Where there are two paths from i to j through k. count[i][k] * count[k][j] finds the number of paths from i to k, and the number of paths from k to j, and multiplies them to find the number of paths i -> k -> j.

If you just need the count of how many different shortest path exist, you can keep a count array in addition to the shortestPath array. Here's is a quick modification of the pseudocode from wiki.

procedure FloydWarshall ()
    for k := 1 to n
        for i := 1 to n
            for j := 1 to n
                if path[i][j] == path[i][k]+path[k][j] and k != j and k != i
                    count[i][j] += 1;
                else if path[i][j] > path[i][k] + path[k][j]
                    path[i][j] = path[i][k] + path[k][j]
                    count[i][j] = 1

If you need a way to find all the paths, you can store a vector/arraylist like structure for each pair to expand and collapse. Here is a modification of the pseudocode from the same wiki.

procedure FloydWarshallWithPathReconstruction ()
    for k := 1 to n
        for i := 1 to n
            for j := 1 to n
                if path[i][k] + path[k][j] < path[i][j]
                    path[i][j] := path[i][k]+path[k][j];
                    next[i][j].clear()
                    next[i][j].push_back(k) // assuming its a c++ vector
                else if path[i][k] + path[k][j] == path[i][j] and path[i][j] != MAX_VALUE and k != j and k != i
                    next[i][j].push_back(k)

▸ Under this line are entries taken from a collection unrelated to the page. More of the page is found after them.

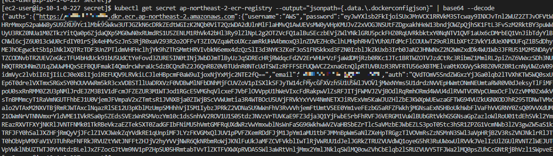 - 토큰 값만 출력 - kubectl get secret ap-northeast-2-ecr-registry --output="jsonpath={.data.\.dockerconfigjson}" | base64 --decode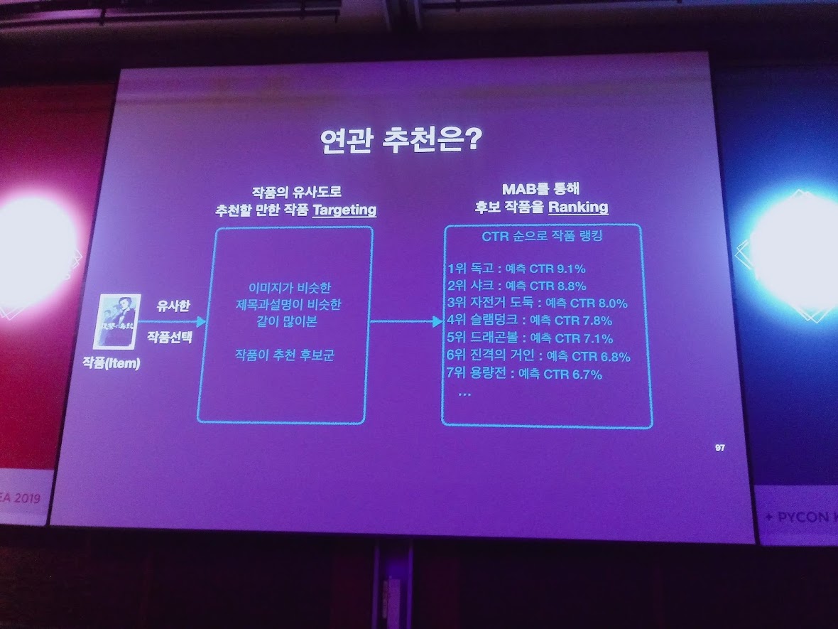 그 중에 가장 좋은 작품을 예측. 추천 되는 작품의 평균 CTR은 5.1%.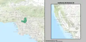 California's 34th congressional district is a U.S. congressional district in California. Located in Los Angeles County, the district is represented by Democrat Jimmy Gomez. Its previous U.S. representative, Democrat Xavier Becerra of Los Angeles, resigned January 24, 2017, to become attorney general of California. Representative Gomez won a special election on June 6, 2017, beating fellow Democrat Robert Lee Ahn to replace Becerra.[3] He was later sworn in as the district's U.S. representative on July 11, 2017.[4]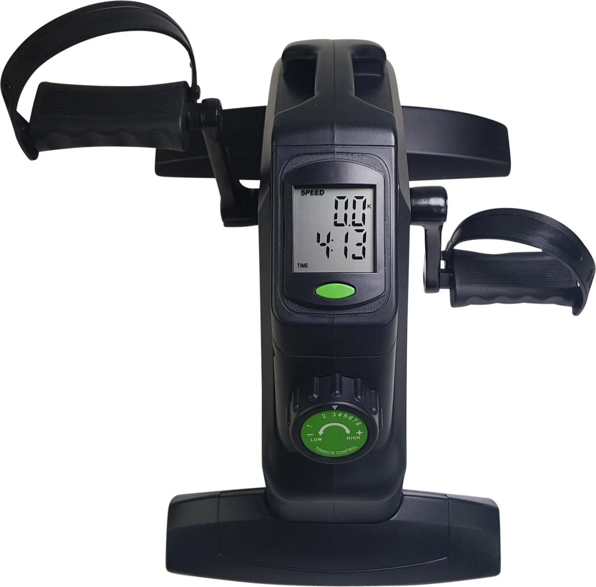 Train niet alleen je benen, maar ook je armen. Plaats het toestel op een tafel en maak van de pedalen handvaten met stevige grip. Je stelt de weerstand in op het gewenste niveau en de ingebouwde computer geeft de snelheid, de trainingstijd, het geschatte aantal calorieën en het aantal omwentelingen per minuut weer. De M35 mini bike stopt in alle veiligheid met het magnetisch remsysteem (PMS manual brake system).
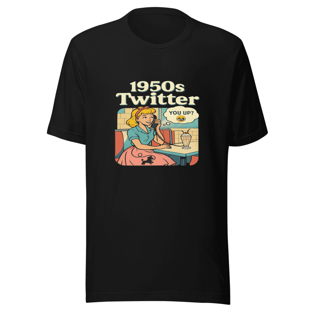 Step back in time with our 1950s Twitter T-Shirt! This hilarious tee imagines what the social media landscape would have looked like in the fifties, complete with vintage slang and old-school charm. Join the viral trend and grab this must-have shirt that’s taking the internet by storm. Don’t miss out on owning a piece of internet history – this tee is guaranteed to spark conversations and turn heads. Perfect for anyone who loves a good laugh and a touch of nostalgia. Makes a great gift for your retro-loving friends or anyone who appreciates a clever meme. Get yours now before they’re gone! Sizes are S,M,L & XL. Wash instructions are normal. Upgrade your wardrobe with this trending tee today!
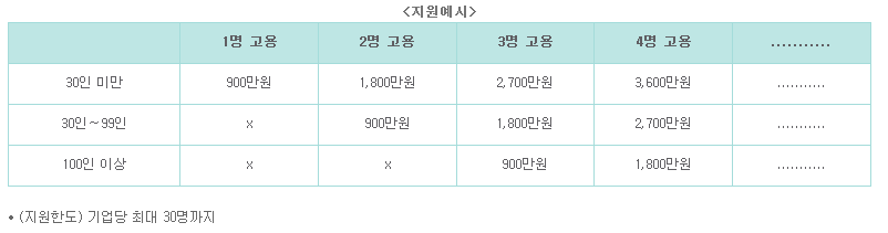 청년 추가채용 1명당 연간 최대 9백만원을 3년동안 지원받을 수 있지만, 기업 규모별 지원인원을 차등화 하고 있습니다.(30인미만 기업인 1번째 채용청년, 30~99인 기업은 2번째 채용청년, 100인 이상은 3번째 채용 청년부터 지원)

Note: if k==j or k==i, that means, you're checking either path[i][i]+path[i][j] or path[i][j]+path[j][j], both should be equal to path[i][j] and that does not get pushed into next[i][j].

Path reconstruction should be modified to handle the vector. The count in this case would be each vector's size. Here is a modification of the pseudocode (python) from the same wiki.

procedure GetPath(i, j):
    allPaths = empty 2d array
    if next[i][j] is not empty:
        for every k in next[i][j]:
            if k == -1: // add the path = [i, j]
                allPaths.add( array[ i, j] ) 
            else: // add the path = [i .. k .. j]
                paths_I_K = GetPath(i,k) // get all paths from i to k
                paths_K_J = GetPath(k,j) // get all paths from k to j
                for every path between i and k, i_k in paths_I_K:
                    for every path between k and j, k_j in paths_K_J:
                        i_k = i_k.popk() // remove the last element since that repeats in k_j
                        allPaths.add( array( i_k + j_k) )

    return allPaths

Note: path[i][j] is an adjacency list. While initializing path[i][j], you can also initialize next[i][j] by adding a -1 to the array. For instance an initialization of next[i][j] would be

for every edge (i,j) in graph:
   next[i][j].push_back(-1)

This takes care of an edge being the shortest path itself. You'll have to handle this special case in the path reconstruction, which is what i'm doing in GetPath.

Edit: "MAX_VALUE" is the initialized value in the array of distances.